Registering an LLC in the state of New York shouldn’t be an intimidating process. In this guide, we’ll go over the specific steps you’ll need to take with the state to properly established and register your Limited Liability Corporation the right way.


Naming the LLC

  • First you need to know that the name of your LLC is available. The key here: according to the New York Division of Corporations, State Records, and UCC, your name should be “distinguishable” from the other corporations and business names on file.
  • This means you don’t want to start drawing up any signs yet until you’re absolutely sure your LLC will have a unique name. And if you do have signs made up, you’ll want to consider naming the LLC itself something different if you already see it in the database.

How to Tell if Your Name is Taken

  • The state of New York offers an online search. There are three options to choose from: “begins with,” “contains,” and “partial.” Don’t proceed with your LLC until you’re absolutely sure that your unique name hasn’t come up under any of these specific search definitions.
  • If you have a unique LLC name in mind and can’t find any other instances of it in New York, then you’ll likely be able to proceed to the next step. If you’re still not sure, you have time right now to brainstorm other names to be used with your LLC that don’t sound too similar to preexisting options already established in New York.

Is the Domain Name Available?

  • There’s one more search you’ll want to enter before you’re fully confident that you have the name you want: domain name.
  • The “domain name” refers to an address such as Essentially, it’s your web address.
  • It can be more difficult finding a unique domain name than it is a unique LLC name. Why? Because at this stage, you’re not only looking at local New York LLC’s—you’re looking at the domain registry of the entire world.
  • One key here: when you register your domain, try to find something unique, and don’t include numbers. Your LLC can automatically lose some credibility with its web audience if your site sounds like “MyLLC392.”

Select a Registered/ Statutory Agent

  • In its simplest terms, a registered agent is someone who can receive mail on behalf of the LLC, such as tax forms. Of course, the term registered agent goes deeper than that.

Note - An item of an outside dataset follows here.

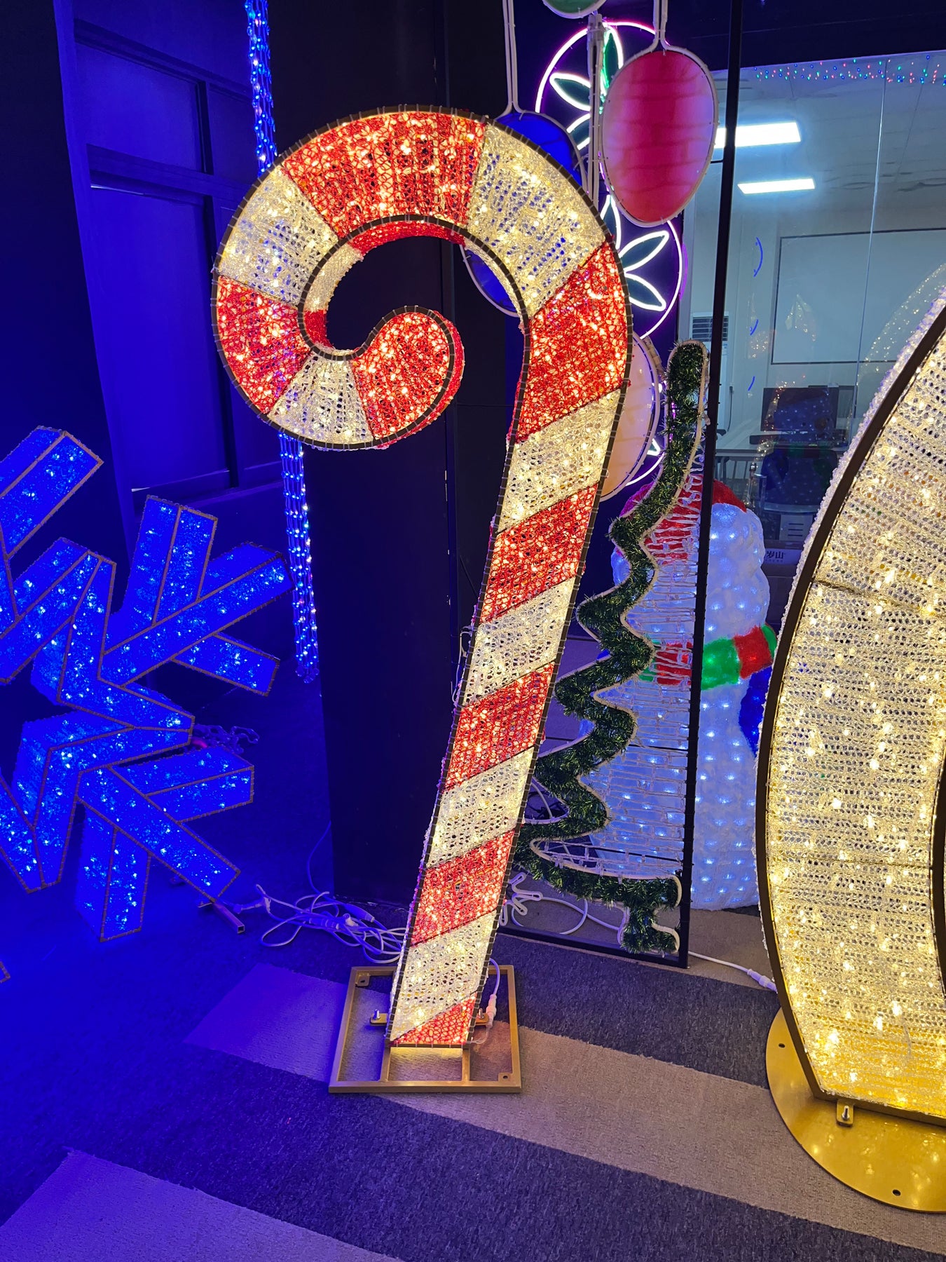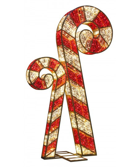 Create a stunning winter scene with the Giant Pair of Pre-Lit LED Candy Canes. These impressive candy canes are equipped with a metal frame and LED string lights for a brilliant display that is great for municipalities and commercial holiday decorations. The pair includes a 6.56 FT and 3.93 FT candy cane, both with waterproof IP65 protection and 1.5m power cords for easy setup. Make a statement this season with this eye-catching outdoor or indoor holiday decoration.

But at the outset of your LLC’s creation, you’ll need to assign an individual to serve as this registered agent—a third party from the company. ​Incfile offers FREE Registered Agent service for the first year with every package or as a $0 standalone service.​​​
  • A registered agent is a third party with some intense responsibilities, including receiving notices for your business, correspondence from the state’s Secretary of State, and can even receive tax forms and notifications of lawsuits. The seriousness of these responsibilities means you’ll want to include a registered agent you can trust with your business’s most sensitive matters. 

Who can be a Registered Agent in New York?

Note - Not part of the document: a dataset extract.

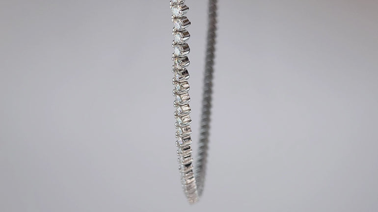 Indulge in timeless luxury with the Éternelle Princesse Moissanite Tennis Necklace by The Moissanite Lab. This exquisite necklace features a cascade of perfectly arranged round-cut moissanite stones, each three-prong set to create a captivating sparkle and elegant drape. The intricate design and fluid lines evoke a sense of sophistication and grace, making it an ideal piece for formal occasions or adding a touch of glamour to any outfit. The Éternelle Princesse tennis necklace is a radiant addition to your jewelry collection, embodying classic elegance with a modern twist.

  • As you can see at the New York state Articles of Organization form, the state will have you fill out the individual’s address to whom correspondence with the Secretary of State and official mailings will be sent.
  • If you do want a registered agent, you have to rely upon someone very trustworthy, as these individuals are allowed to receive mail on behalf of your LLC. Some services even offer registered agent services–in these cases, look for reputable services that have experience in dealing with companies and LLCs like yours.

Filing Articles of Organization

  • In order to create your LLC in New York, you’ll be expected to file the Articles of Organization—a sort of constitution for your private company. Here, once again, is the link to the New York state Articles of Organization form.
  • This form is short—only two pages—and will require basic information like the name of your LLC and the address where correspondence will need to be sent.
  • As you can see on that form, you’ll be expected to submit a $200 filing fee made payable to the New York Department of State with the Articles of Organization—so only mail it in once you’re prepared to meet that fee.
  • You can also file for your LLC in New York online.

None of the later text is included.